In [2]:
import numpy as np
import pandas as pd
import os
import torch
import tensorflow as tf
from datasets import load_dataset

## Load pretrained model from Hgging Face

In [3]:
print("Num GPUs Available: ", len(tf.config.list_physical_devices('GPU')))

Num GPUs Available:  2


In [4]:
# Load model directly
from transformers import AutoTokenizer, AutoModelForSeq2SeqLM

tokenizer = AutoTokenizer.from_pretrained("Helsinki-NLP/opus-mt-en-fr")
model = AutoModelForSeq2SeqLM.from_pretrained("Helsinki-NLP/opus-mt-en-fr")

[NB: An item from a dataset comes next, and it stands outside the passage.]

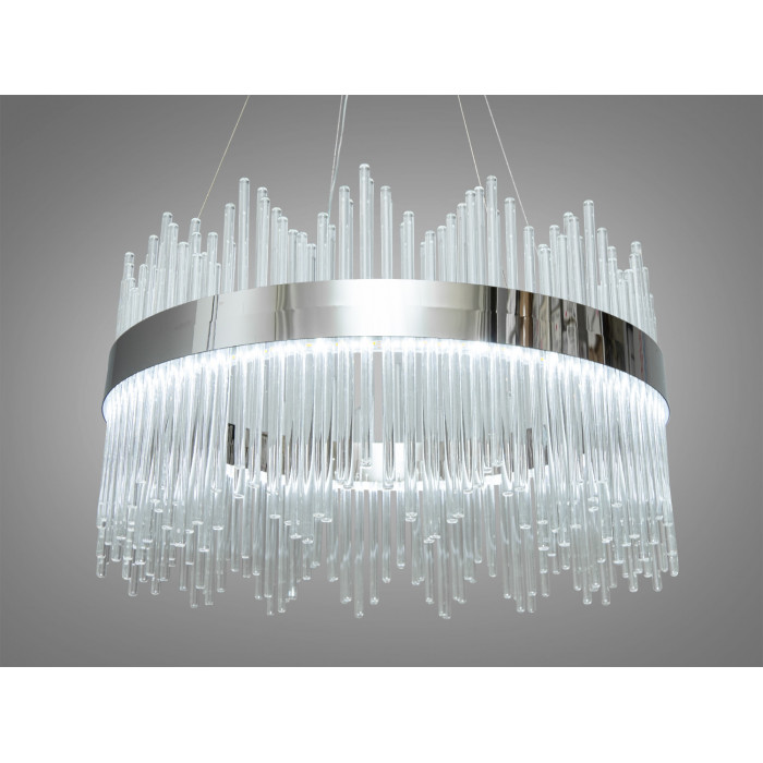 Вершина енергоефективності та краси, кришталева світлодіодна люстра в зал від ТМ «Діаша» — це справжній взірець вишуканості та сучасного дизайну, ідеально підходить для тих, хто шукає люстру в залу. З її великим діаметром, ця кришталева світлодіодна люстра стане яскравим акцентом інтер'єру, розкидаючи світло своїми безліччю висячих кристалічних стрижнів, які мерехтять і блищать, створюючи відчуття зоряного неба просто над головою.

tokenizer_config.json:   0%|          | 0.00/42.0 [00:00<?, ?B/s]

config.json:   0%|          | 0.00/1.42k [00:00<?, ?B/s]

source.spm:   0%|          | 0.00/778k [00:00<?, ?B/s]

target.spm:   0%|          | 0.00/802k [00:00<?, ?B/s]

vocab.json:   0%|          | 0.00/1.34M [00:00<?, ?B/s]



pytorch_model.bin:   0%|          | 0.00/301M [00:00<?, ?B/s]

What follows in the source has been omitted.